Женщина бросила на выбраковщиков укоризненный взгляд. Гусев, собственно, для этого ее и поддел – хотелось заглянуть человеку в глаза. С одной стороны, он весьма уважительно относился к религии как некой философской системе. Но в то же время недолюбливал религиозных людей. Было в них что-то такое, чего Гусев не понимал. Добровольное подчинение загадочной высшей силе казалось ему выбором как минимум странным. У него не укладывалось в голове, почему нельзя соблюдать десять заповедей просто из элементарной порядочности. Без непременного погружения в мир церковных психотехник, когда на тебя постоянно исподволь давят – если не православными мантрами, так самой внутренней архитектурой храмов.
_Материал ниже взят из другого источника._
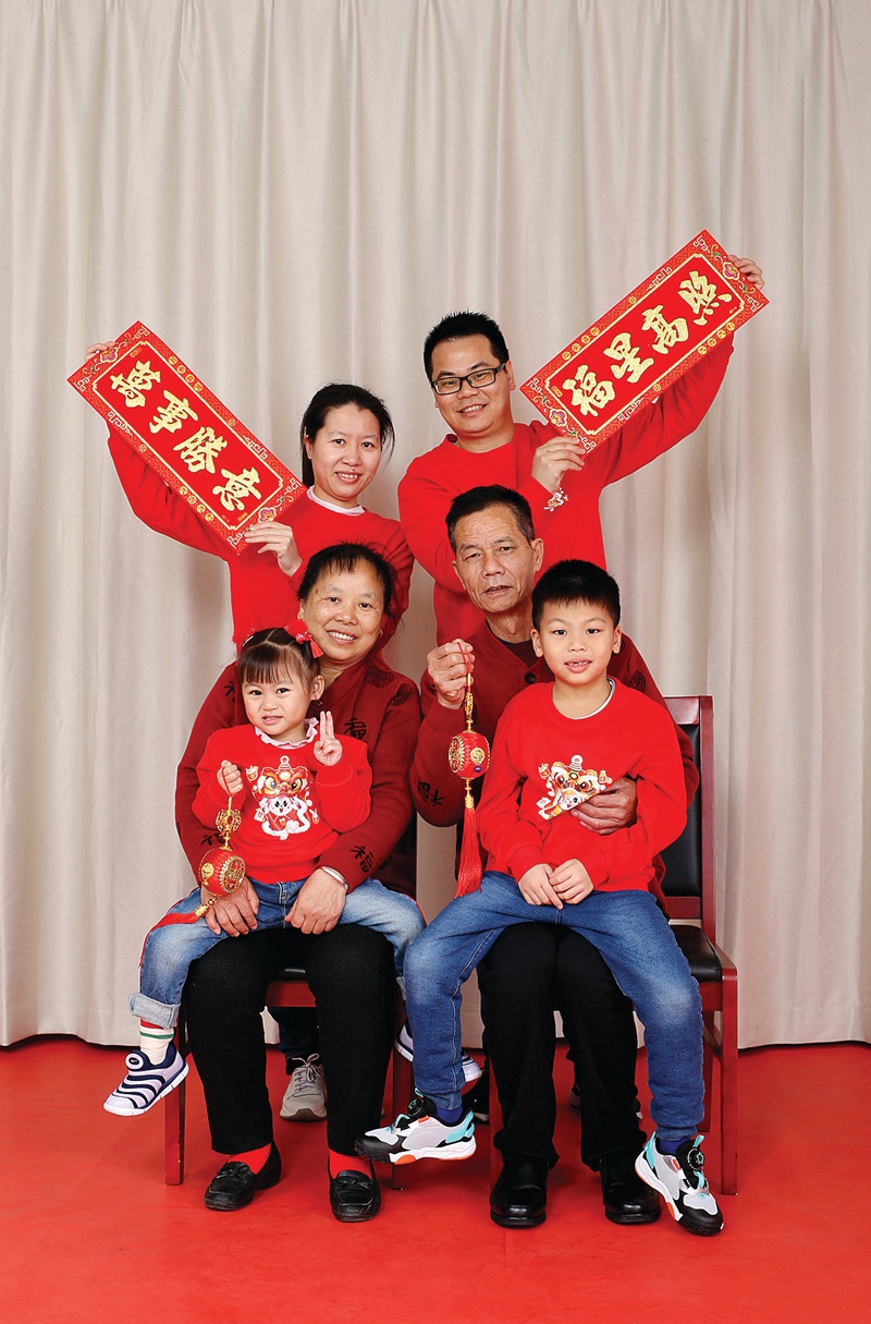 “來,大家看鏡頭,笑一個……”在各個拍攝點,惠州東江圖片社專業(yè)拍攝團隊及惠州日報社采訪部攝影記者認真捕捉每個人幸福洋溢的笑容。無論是幾代同堂的大家庭,還是一家?guī)卓诘臏剀靶〖彝,每個人都帶著愛與期待奔赴這場新年儀式感滿滿的活動,人人都穿上了精心準備的服飾,為這個春節(jié)增添了濃濃的年味和暖暖的溫情。

Да еще и поесть вволю не дают.
– Как не стыдно, молодые люди, – сказала женщина строго, но без агрессии. – Сами не веруете, тогда хоть не кощунствуйте.
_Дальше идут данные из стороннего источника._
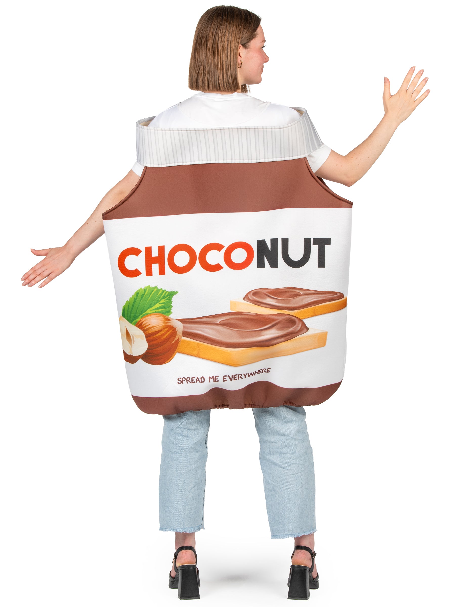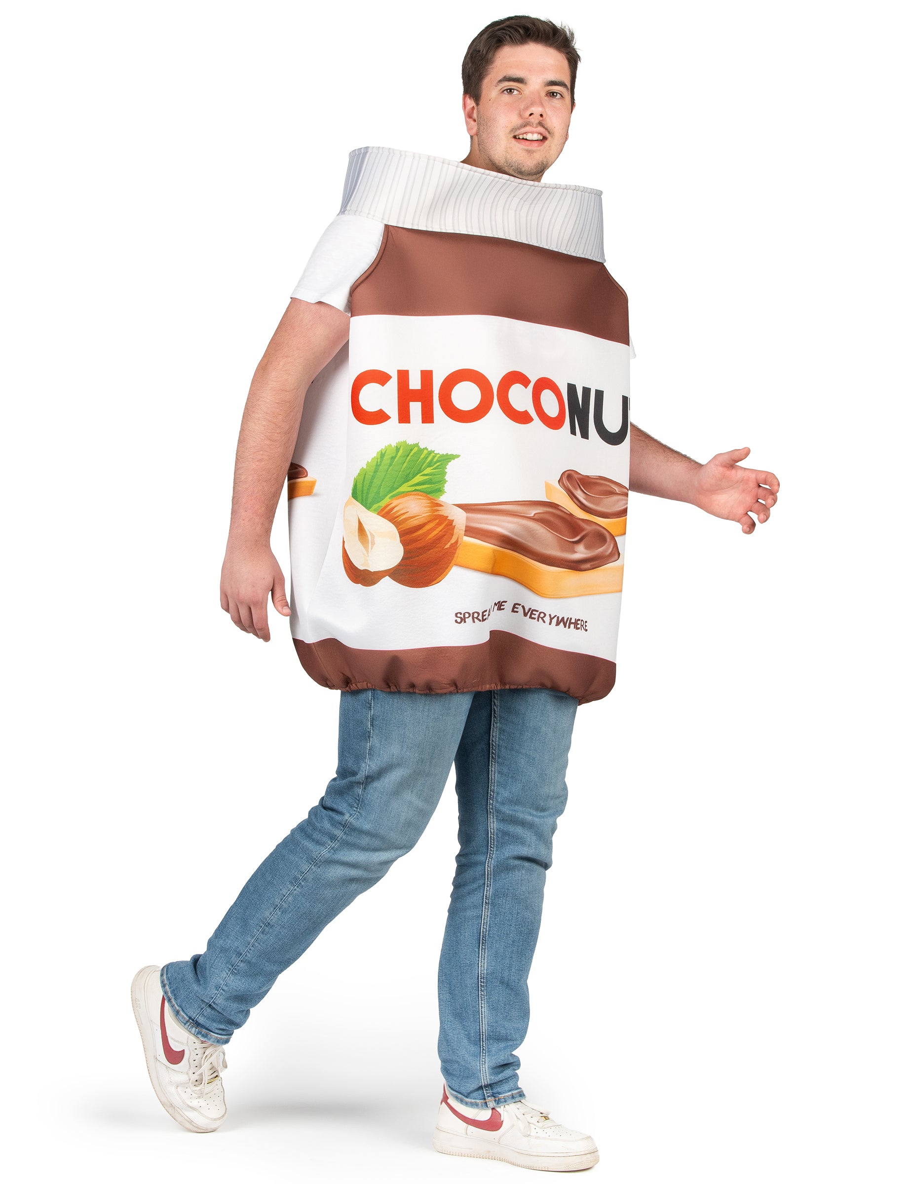 Conçu en mousse légère, ce costume Choconut reprend fidèlement la forme emblématique d’un pot de pâte à tartiner. L’impression détaillée met en scène des tartines nappées, des noisettes et un visuel iconique, tandis que le col effet opercule argenté accentue l’illusion d’un pot fraîchement ouvert.

Глаза у нее оказались именно такие, как Гусев и предполагал – с легкой отрешенностью, почти незаметной, если не знать, что искать. Глаза человека, с которым Бог, и теперь ему море по колено.
В отличие от самого Гусева – беззащитного перед мирозданием, вечно сомневающегося, но зато свободного.
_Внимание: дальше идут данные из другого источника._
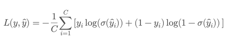 $$L(y, \hat{y}) = -\frac{1}{C} \sum_{i=1}^C [y_i \cdot \log(\sigma(\hat{y}_i)) + (1 - y_i) \cdot \log(1 - \sigma(\hat{y}_i))]$$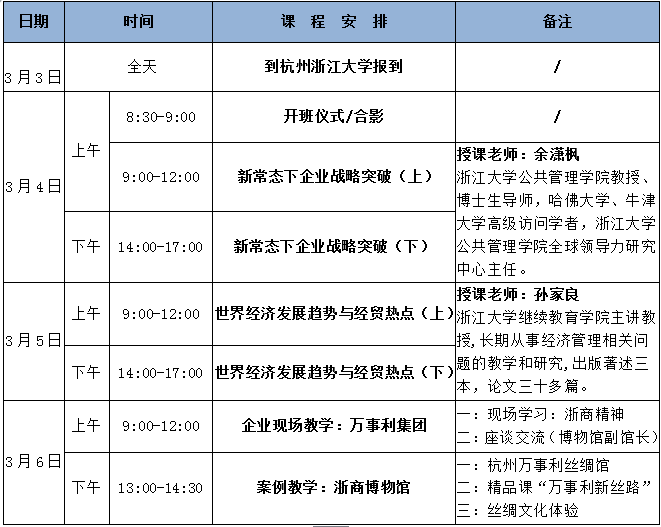 为提升我校“国际注册职业经理人暨企业管理硕士学位高级研修班”学员学习,提高研修班学员的能力与素质,我校拟于3月3日赴浙江大学开展培训活动,现将具体事宜通知如下: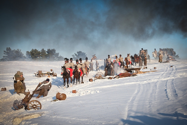 Примечательно, что центральным персонажем в самых первых кадрах, отснятых съемочной группой, был Александр Первый – снимали сцену в Царском селе, где государь советовался со своим секретарем, заключать ли мир с Наполеоном, когда тот уже прилагал дипломатические усилия для того, чтобы подписать мирный договор с Россией. Это почти самый конец войны. Тогда Александр принял решение воевать до победного конца, чтобы потом маршировать по Елисейским полям. В последний съемочный день снимали в Михайловском замке, изображавшем город Вильно, в котором российский император находился 22 июня 1812 года, где и встретил известие о начале войны. Это совпадение случайно, но выглядит оно символично – съемочная группа пережила всю войну, от конца до начала.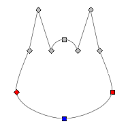 耳の頂点になるノード(赤)を選択 → カーソルキー ↑ を適当な回数押す → 中間のノード(黒)を選択 → ツールコントロール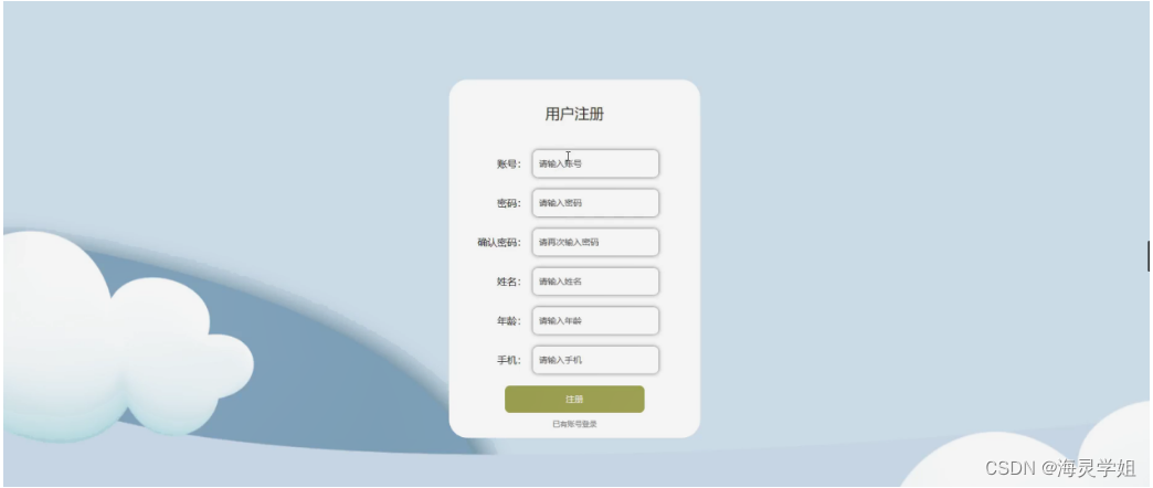 用户注册,在用户注册页面通过填写账号,密码,确认密码,姓名,年龄,手机等信息进行注册操作;如图5-2所示。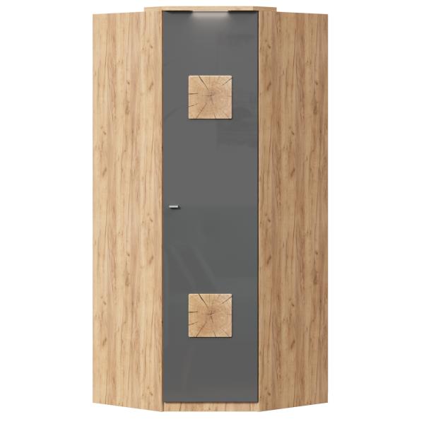 • За распашной дверью в цвете «Антрацит» глянец с двумя декоративными накладками две ниши: слева 6 полок шириной 370 мм, расстояние между полками 300 мм, справа 3 полки шириной 951 мм и штанга для одежды. Высота ниши со штангой 1250 мм.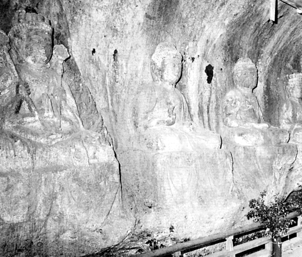 大野川流域は優れた磨崖仏が多いことで知られている。中でも豊後磨崖仏を代表する傑作として知られているのが菅尾石仏(国重文)。豊後大野市三重町宇対瀬の田園風景を見下ろし、西方に臨んで端然と刻まれた五体の石仏は、左から千手観音、薬師如来、阿弥陀如来、十一面観音、多門天。藤原時代末期の作品と推定されているが、作者は不明である。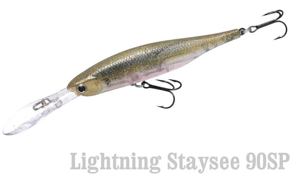 Lightning Staysee 90SP全長:90mm(3-1/2")重量:12.5g(7/16oz)深度:3mタイプ:サスペンドスポーニングシーズンのまだメスがナーバスにベッドを守っている頃、ポンピングリトリーブにてバスのもとに忍び寄り、長いポージングにてバスをイラつかせる為に作られたのがこのステイシー。ステイシーがポンピングリトリーブなどによるそのスローな釣に適しているのは、その美しいボディー形状とリップアングルから作り出されるタイトローリングなアクションにある。細やかなそのバイブレーションでミディアムシャローのバスに危機感を与えず近づき、バスの生物学的な動きに合わせて食わせに持ち込む事が出来るのはこのステイシーでしか出来ない技だ。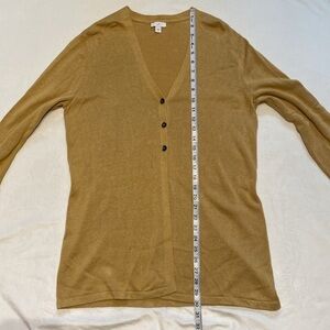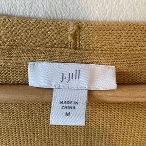 J Jill Tan Linen Button V neck Cardigan • Spring Flare Loose Fit Fisherman Hip
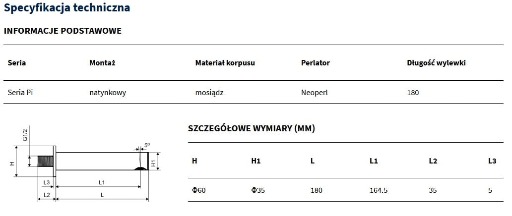 Wylewka wannowa Pi. Linia baterii PI to szeroka grupa armatury powstała z dbałością o każdy detal. Wyróżnia się jakością wykonania oraz zastosowanymi rozwiązaniami funkcjonalnymi. Dużą zaletą linii Pi jest jej dostępność w 7 najmodniejszych kolorach: chrom, czarny mat, biały mat, złoty połysk, złoty szczotkowany, mosiądz szczotkowany oraz grafit szczotkowany. Nazwa Pi wywodzi się od liczby π, a oznacza ona wielkość proporcji pomiędzy rozmiarami ważnych elementów każdej baterii np. długość korpusu/długość uchwytu itp. Dzięki tej naturalnej proporcji stosowanej intuicyjnie już od starożytności , linia baterii Pi zachwyca spójnością wyglądu która wynika z logiki matematycznej ukrytej już na etapie projektowania. Linia baterii PI została opatentowana i podlega ochronie na terenie całej Unii Europejskiej.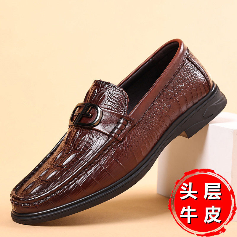 木鸟澄练高豆豆鞋男士软底休闲皮鞋男款懒人一脚蹬头层牛皮男鞋子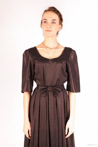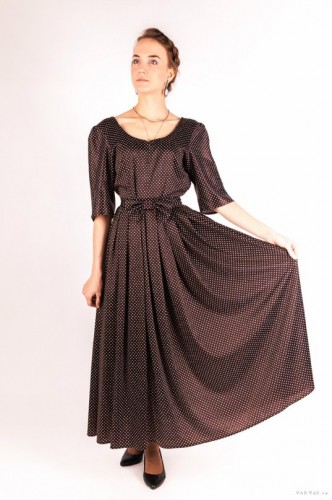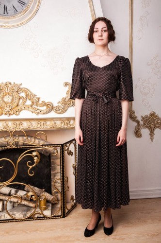Объём груди 98 см, талия 81 см. Длина от талии 93 см. Рукав 37 см длиной, лёгкая сборка сверху. Отрезная юбка с заложенными складками. В бок вшита потайная молния. По груди вырез сердечком) Длина по спинке 42 см. Окружность подола примерно 310 см.

Женщина отошла было, но вдруг повернула назад.
– Скажите, – мягко спросила она, заглядывая Гусеву в лицо, будто тоже проводя свой эксперимент, пытаясь разгадать душу безбожника. – Неужели вам не страшно?
– Мне-то чего бояться? – удивился Гусев. – У меня перед ним, – он ткнул пальцем в небо, – никаких обязательств нет. Мы ни о чем не договаривались. Это вам, я так думаю, положено бояться, вы же ему душу продали…
Женщина вздохнула, покачала головой и ушла, мелко крестясь и что-то бормоча себе под нос. Наверное, прося у божества снисхождения к идиоту Гусеву…»

 

Если вы читали «Выбраковку», и книга произвела на вас впечатление, то вы наверняка помните, что Гусев не сволочь какая-нибудь редкостная, а просто глубоко несчастное существо. И между прочим, не считая данного конкретного богохульства, на протяжении всего романа герой не нарушает ни одной из заповедей – как бы ни подталкивала его к греху живодерская профессия. Он даже кумира себе не творит, хотя мог бы. А случай с женщиной, крестившейся на храм – так он просто не мог его упустить. Он ведь не атеист, а обычный безбожник. Ему очень интересно: как, почему, зачем приходят люди к религии. Вот герой и не удержался, решил добыть информацию. В свойственной ему манере – тетку подначил. Давайте уж его извиним за это, он все-таки не пай-мальчик, а шериф.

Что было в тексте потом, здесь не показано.